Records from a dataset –
........

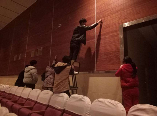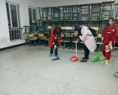 为了保障大礼堂环境内部良好的娱乐环境,营造良好的娱乐氛围,以及进一步美化教室环境,2016年1月3日晚上6点,经济贸易系学生会在大礼堂和系部六楼进行卫生打扫。
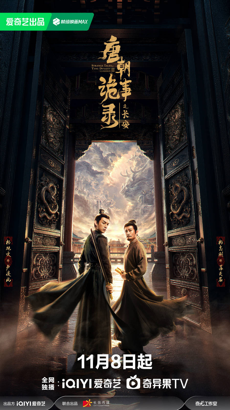 由北京爱奇艺科技有限公司出品,北京长信影视传媒有限公司联合出品,郭靖宇、柏杉监制,魏风华、郭靖宇编剧,巨兴茂担任总导演,郭世民执导,杨旭文、杨志刚领衔主演,郜思雯、陈创、孙雪宁、石悦安鑫主演,岳丽娜、刘智扬特别出演的古装悬疑探案剧《唐朝诡事录之长安》11月8日起爱奇艺全网独播,北京卫视品质剧场每晚19:30播出。该剧讲述了卢凌风与苏无名西行结束之后,回到风云变幻的长安,以身入局,甘为棋子,在天子与长公主权力的角逐中,再次秉持正义与良善的初心,深入长安各处,勘破诡案,守护百姓的故事。
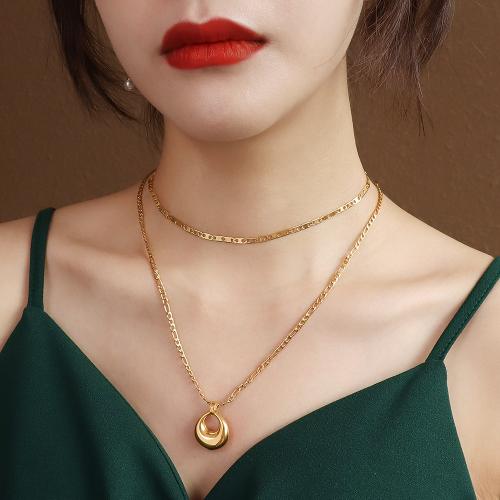Product information:Treatment Process: Electroplating Color: P333 Gold 35 5cm Material: titanium steel Shape: Geometry Width: 0.3cm Length: 35 5cm Pendant: 2 * 1.8cm
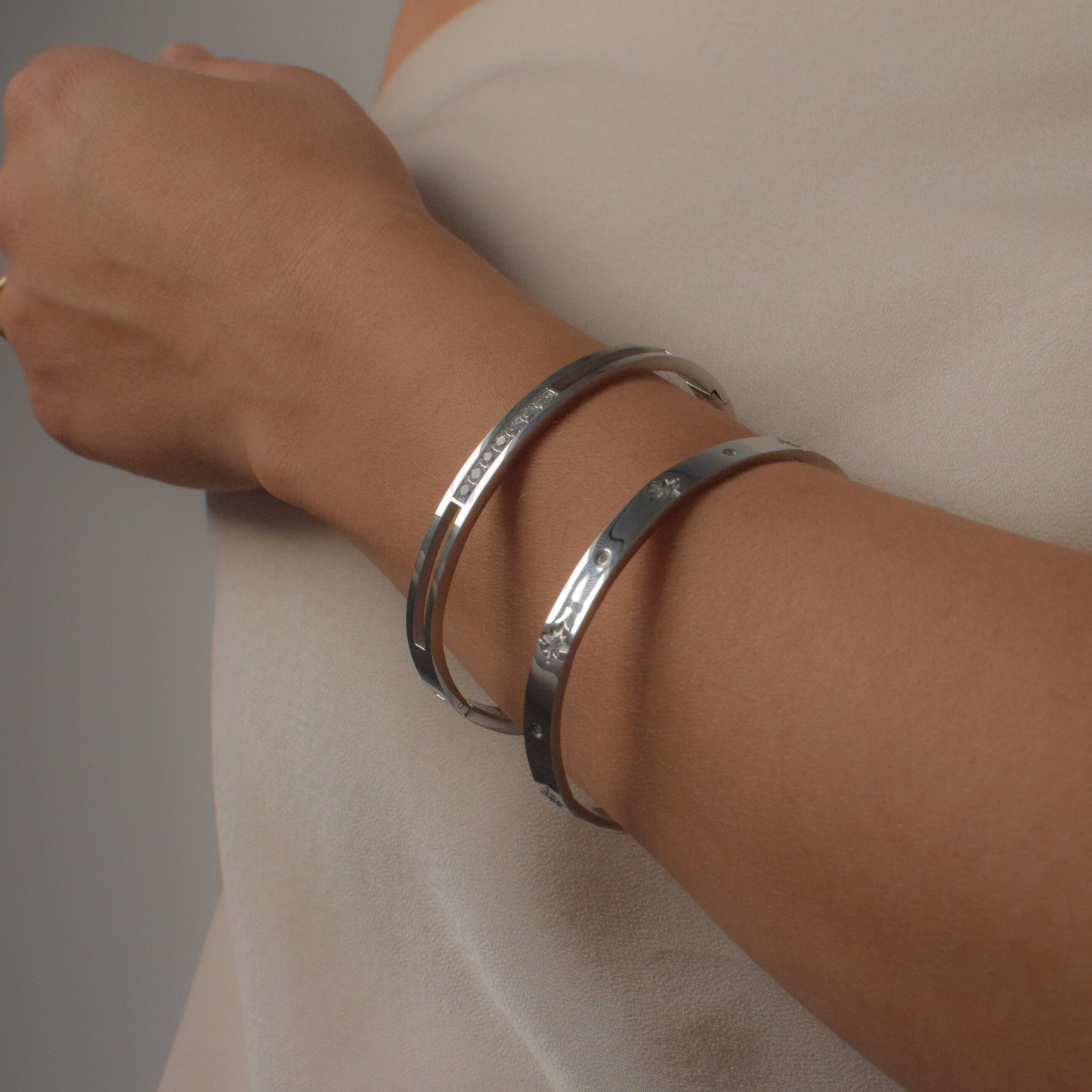 Elevate your style with our Guidance Bangle, featuring round white cubic zirconias delicately placed around the cuff.
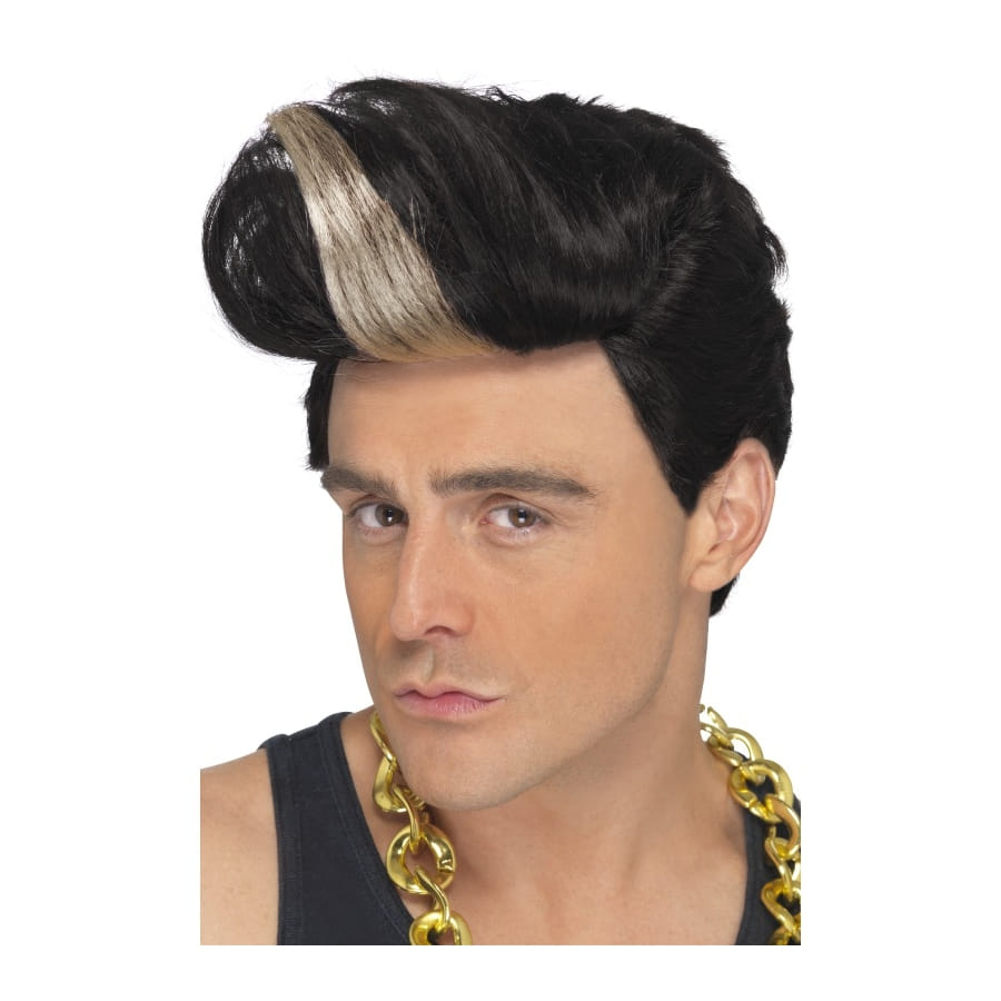 Perruque de rappeur des années 90 pour homme. Les cheveux sont de couleur noire, coiffés en "banane", avec une unique mèche blond platine sur l'avant. Ajoutez-y des accessoires bling bling tels que ceux proposés pour un look parfait de rappeur rétro.
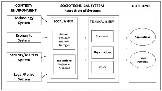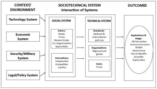 - The sociotechnical system is a complex entity characterized by the generation of multiple outcomes, manifesting as applications and patterns of use. A plethora of applications and uses have been identified, including but not limited to commercialization, militarization, global governance, scientific exploration, and social benefits.
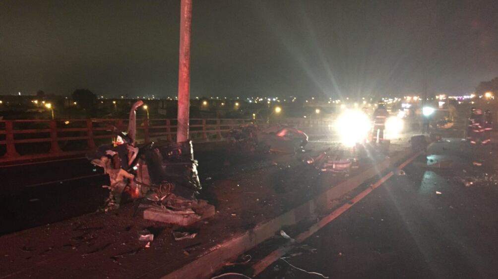 Y justo en el paso nivel sobre Hualpén, el vehículo impactó de lleno a un poste de la luz, partiéndose el automóvil en dos y saliendo eyectado el motor. Mientras que las dos personas que iban en el interior de la máquina fallecieron en el lugar.
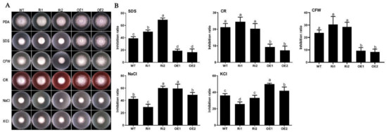 Growth response of WT and transformants under cell wall stress and hypertonic stress. (A) Morphology of WT and transformants cultured on PDA medium supplemented with cell wall stressors, i.e., 0.01% SDS or 200 µg/mL Congo-Red (CR), while 0.3 M NaCl or 0.5 M KCl were used as osmotic stress causing agents for six days. (B) Mycelial growth inhibition ratio of WT and transformants under cell wall stress or hypertonic stress. See Figure 2 legend for explanation of “a”, “b” “c” and “d”.
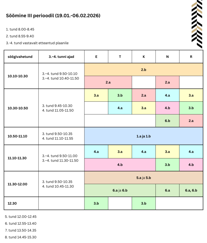 Koolisöökla menüü
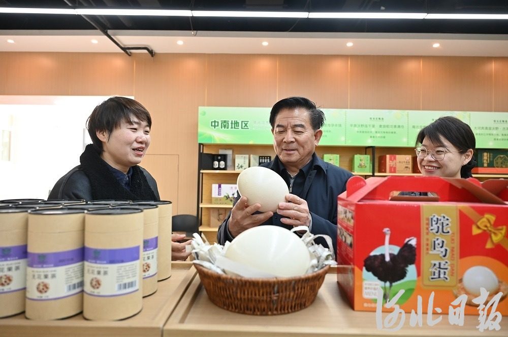 2月1日,在正定县塔元庄村“直播楼”,村党委书记、村委会主任尹计平(右二)查看展销的特色商品。河北日报记者张晓超摄
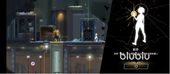 來到前面你會(huì)發(fā)現(xiàn)面前剛好堵著一個(gè)機(jī)器人,還是點(diǎn)亮頭上三盞燈,打開電梯,再上二樓。左邊的黃色小門點(diǎn)亮,順利進(jìn)入。npc發(fā)光小鹿繼續(xù)出現(xiàn),提示你樓上上鎖機(jī)器的作用,順便解釋了巡邏機(jī)器人的來由。還是先打開升降梯,上二樓,打開上鎖機(jī)器。獲得剝奪能力。剝奪能力就是主角的吸光能力增強(qiáng),然后可以強(qiáng)行停了巡邏機(jī)器人,直接讓他們關(guān)機(jī)。這個(gè)技能還挺流氓的。到這里沒什么難度,不過每個(gè)機(jī)器人身上也會(huì)有一個(gè)光源,記得收集。
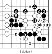 Solution 1: Instead of connecting his stones with a move at 4, which he did in the actual game, Yamashita could have tried to kill with 1 and 3. However, white 4 through 8 are a strong response, creating weaknesses in Black's position.
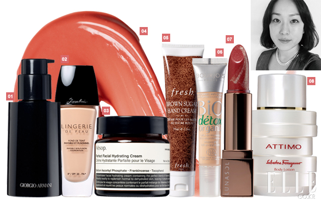 공인아(beauty editor) 1 조르지오 아르마니 스킨 미네랄 포 맨 포티파잉 세럼 꽤 취향 까다롭다는 모 선배에게 선물했더니 끈적임 없고 퓨어한 잔향이 특히 만족스럽단다. 7만6천원. 2 겔랑 란제리 드 뽀 인비져블 스킨 퓨전 파운데이션 SPF 20/PA+ 결점을 찾아볼 수 없는 완벽한 스킨이 올 시즌 트렌드라 했던가. 이렇게 똑똑한 제품이 몇 개만 더 나와준다면 충분히 도전해볼 만하겠다. 극소량만 발랐을 뿐인데 엄청난 커버력을 보여주는 것이 놀라울 따름. 7만원. 3 에이솝 퍼펙트 페이셜 하이드레이팅 크림 뚜껑을 열자마자 향에서부터 남다른 포스가 느껴졌다. 성분을 확인해 봤더니 역시나 비타민의 결정체. 꾸준히 바를 수밖에 없게 만드는, 내 안의 어떤 의지를 불러 일으키는 크림이랄까. 가격 미정. 4 샤넬 루쥬 알뤼르 엑스트레 드 글로스, 지니 ‘이제 발랄한 립글로스가 어울리는 나이는 지났어’라고 스스로 진단을 내리면서부터 점점 립스틱만 가까이 해왔는데 립글로스와의 재회를 도와준 고마운 제품이다. 특히 부드럽게 입술을 감싸는 느낌이 일품. 브러시 대신 대칭형의 양면 팁이 들어 있어 사용하기 편리한 것도 장점. 3만9천원. 5 프레쉬 브라운 슈가 핸드 크림 지금 내 신체 부위 중 가장 빠른 노화 진행을 보이고 있는 부위를 꼽으라면 바로 손. 그런 이유로 핸드 크림을 고를 땐 무조건 리치한 텍스처가 1순위다. 이 제품은 촉촉함이 오래 지속되는 점도 만족스럽지만 풍선껌처럼 독특한 향이 특히 마음에 든다. 3만2천원. 6 부르주아 비오 데톡스 컨실러 커버력 없는 컨실러도 참을 수 없지만 먼지 박힌 컨실러는 절대 용서할 수 없다. 이런 이유로 손에 묻히지 않고 사용할 수 있는 제품을 선호하는 편인데 이 제품은 롤 온타입이라 일단 합격. 커버력은 말할 필요도 없고 오가닉 성분으로 만들었다니 더 믿음이 간다. 3만원. 7 루나솔 풀 글래머 립스틱 S, 딥 로즈 레드 한마디로 딱 가을용 립스틱. 촉촉하고 크리미한 텍스처에 컬러도 예쁜 와인 색. 다만 표면의 오로라이즈 펄은 어떤 용도인지 의문스럽다. 3만9천원. 8 살바토레 페라가모 아띠모 보디 로션 향수와 함께 출시되는 보디 제품들은 간혹 패밀리 고유의 향이 너무 강해서 부담스러운 경우가 있는데 아띠모는 그 적정선을 넘지 않은 점이 마음에 든다. 가까이 다가와야만(!) 느낄 수 있을 만한 은은한 향이 오래 지속된다. 6만4천원.
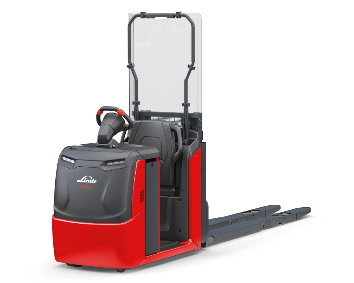 Equipped with long load arms and an additional liftable fork, the N20 LoL from Linde Material Handling enables the loading of two pallets at a back-friendly height in just one order picking cycle. First, the operator fills one pallet at an ergonomic height and attaches the second pallet vertically to the back of the fork.

........

Required action – Pictures aside, print exactly the lines above starting with the one containing "Elevate your style" and going on through the one containing "Solution 1: Instead".

Response below –
 Elevate your style with our Guidance Bangle, featuring round white cubic zirconias delicately placed around the cuff.
 Perruque de rappeur des années 90 pour homme. Les cheveux sont de couleur noire, coiffés en "banane", avec une unique mèche blond platine sur l'avant. Ajoutez-y des accessoires bling bling tels que ceux proposés pour un look parfait de rappeur rétro.
 - The sociotechnical system is a complex entity characterized by the generation of multiple outcomes, manifesting as applications and patterns of use. A plethora of applications and uses have been identified, including but not limited to commercialization, militarization, global governance, scientific exploration, and social benefits.
 Y justo en el paso nivel sobre Hualpén, el vehículo impactó de lleno a un poste de la luz, partiéndose el automóvil en dos y saliendo eyectado el motor. Mientras que las dos personas que iban en el interior de la máquina fallecieron en el lugar.
 Growth response of WT and transformants under cell wall stress and hypertonic stress. (A) Morphology of WT and transformants cultured on PDA medium supplemented with cell wall stressors, i.e., 0.01% SDS or 200 µg/mL Congo-Red (CR), while 0.3 M NaCl or 0.5 M KCl were used as osmotic stress causing agents for six days. (B) Mycelial growth inhibition ratio of WT and transformants under cell wall stress or hypertonic stress. See Figure 2 legend for explanation of “a”, “b” “c” and “d”.
 Koolisöökla menüü
 2月1日,在正定县塔元庄村“直播楼”,村党委书记、村委会主任尹计平(右二)查看展销的特色商品。河北日报记者张晓超摄
 來到前面你會(huì)發(fā)現(xiàn)面前剛好堵著一個(gè)機(jī)器人,還是點(diǎn)亮頭上三盞燈,打開電梯,再上二樓。左邊的黃色小門點(diǎn)亮,順利進(jìn)入。npc發(fā)光小鹿繼續(xù)出現(xiàn),提示你樓上上鎖機(jī)器的作用,順便解釋了巡邏機(jī)器人的來由。還是先打開升降梯,上二樓,打開上鎖機(jī)器。獲得剝奪能力。剝奪能力就是主角的吸光能力增強(qiáng),然后可以強(qiáng)行停了巡邏機(jī)器人,直接讓他們關(guān)機(jī)。這個(gè)技能還挺流氓的。到這里沒什么難度,不過每個(gè)機(jī)器人身上也會(huì)有一個(gè)光源,記得收集。
 Solution 1: Instead of connecting his stones with a move at 4, which he did in the actual game, Yamashita could have tried to kill with 1 and 3. However, white 4 through 8 are a strong response, creating weaknesses in Black's position.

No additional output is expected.